Un nogal exquisito, un diseño elegante,
el agradable contraste de un buen pavonado
con el efecto multicolor de un marmolado,
quizá algún grabado...la estética
que el arte de un armero puede lograr, después
de todo, tiene un precio.
¿Pero
una mira telescópica? ¿Quién
hizo alguna vez exclamaciones de asombro frente
a una artefacto de vidrio y de metal negro?

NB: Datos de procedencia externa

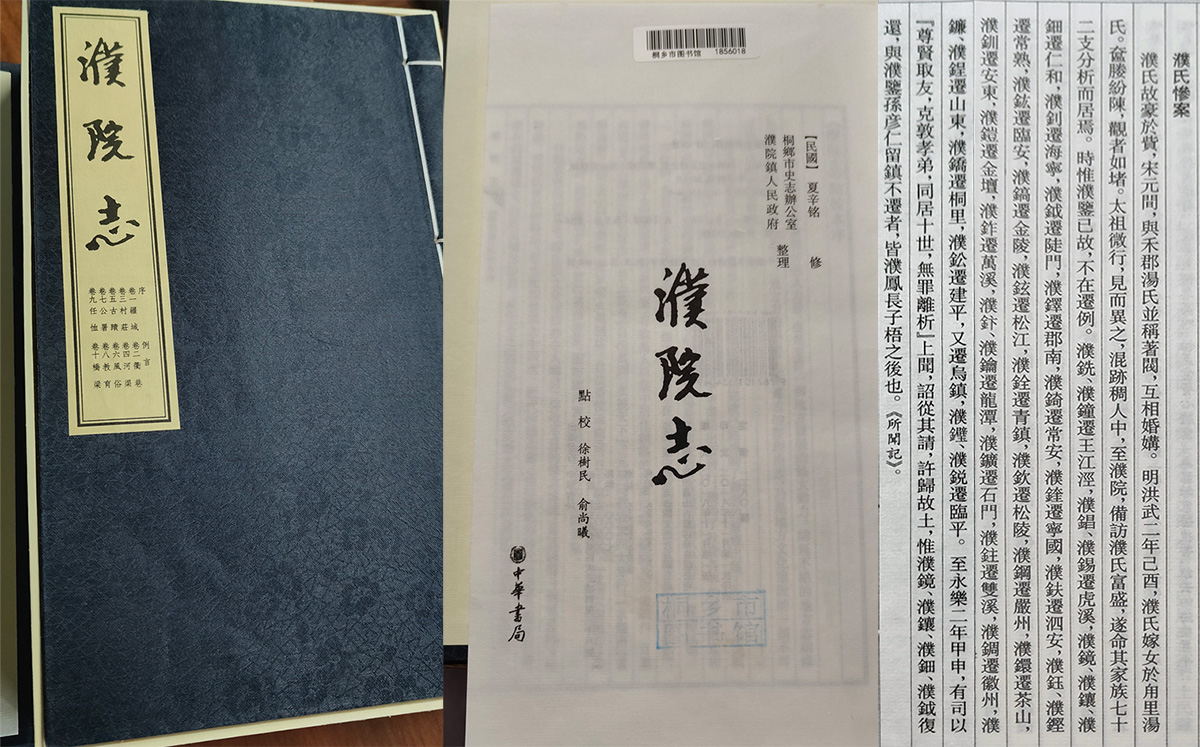 2024年3月6日,濮氏宗谱续修理事会会长晓明、下场头分会会长志法、洛社支建效和无锡明通动力工业有限公司员工贾鸥一行四人,轻装上阵,循着五年前晓明探访桐乡的路线,又一次踏上了桐乡寻亲之路。濮氏宗谱的六世祖濮鑑一脉,在桐乡濮院镇(古称槜李墟、幽湖、梅泾)书写下了嘉兴濮院历史上极其浓厚的一笔(此地因濮家的兴盛而的名)。

No quiero decir con esto que cometería
el error de comprar una oferta especial de
u$s 30, por supuesto, pero pagar mil dólares...o
más por una mira? Para mí no
tenía ningún sentido.
Después
de endeudarme en la compra de un buen rifle,
era suficiente tener una mira que fuera capaz
de mantener su alineación razonablemente
bien y que su retículo se distinguiera
con nitidez.
Mis
primeras dudas, sobre mis puntos de vista,
comenzaron a surgirme luego de conversar con
Dietrich Apel, dueño de la firma New
England Custom Gun y fanático de las
ópticas alemanas de calidad.
"Un
rifle tendrá tan buena precisión
como se lo permita su mira telescópica",
me explicó. "Puedes comprar el
rifle custom más caro, pero nunca desarrollará
todo su potencial con una mira de baja calidad
montada sobre él. A la inversa, inclusive
un rifle fabricado en serie puede exhibir
una precisión excepcional con una mira
de alta calidad". Debo admitir que lo
que decía, tenía sentido. Después
de todo, no puedes acertarle a lo que no puedes
ver.
¿Pero
existe tanta diferencia cuando uno está
realmente cazando?
Estaba
a la espera de una cacería de león.
Un par de años antes, había
ido a cazar estos grandes felinos de África
y había regresado a casa con las manos
vacías. No disponiendo de medios suficientes
como para poder concretar viajes ilimitados
al Continente Negro, estaba ansioso por tener
éxito esta vez, y haría todo
lo que fuera necesario para que esta vez,
todas las ventajas estuvieran a mi favor.
Me
familiaricé con la línea de
miras telescópicas de Schmidt &
Bender y quedé impresionado con los
informes de cazadores que decían lograr
hasta una hora más de luz como para
disparar, con esas miras. Como los felinos
se cazan usualmente al anochecer o durante
la noche misma, con luz artificial una buena
mira como la Schmidt & Bender de 1,5-6x42
(*) parecía adecuada sobre mi .375
Dakota (**).

De
manera que ahora, me encontraba aquí,
apostado en la más completa oscuridad,
a un millón de kilómetros en
el medio de la sabana africana, con un gran
león destrozando una presa que colocamos
como cebo a no más de 35 metros de
distancia.
Había
llevado casi una semana rastrear a este gran
animal, pero ahora todo iba de acuerdo a lo
planificado.
Excepto
por el pequeño inconveniente de no
ver absolutamente nada.
Había
practicado una serie de señales con
Leon Lamprecht, mi cazador profesional, si
se daba el caso de estar en una situación
como en la que nos encontrábamos.
Es
una práctica habitual en muchas naciones
africanas cazar a los felinos bien entrada
la noche, y el silencio resulta esencial.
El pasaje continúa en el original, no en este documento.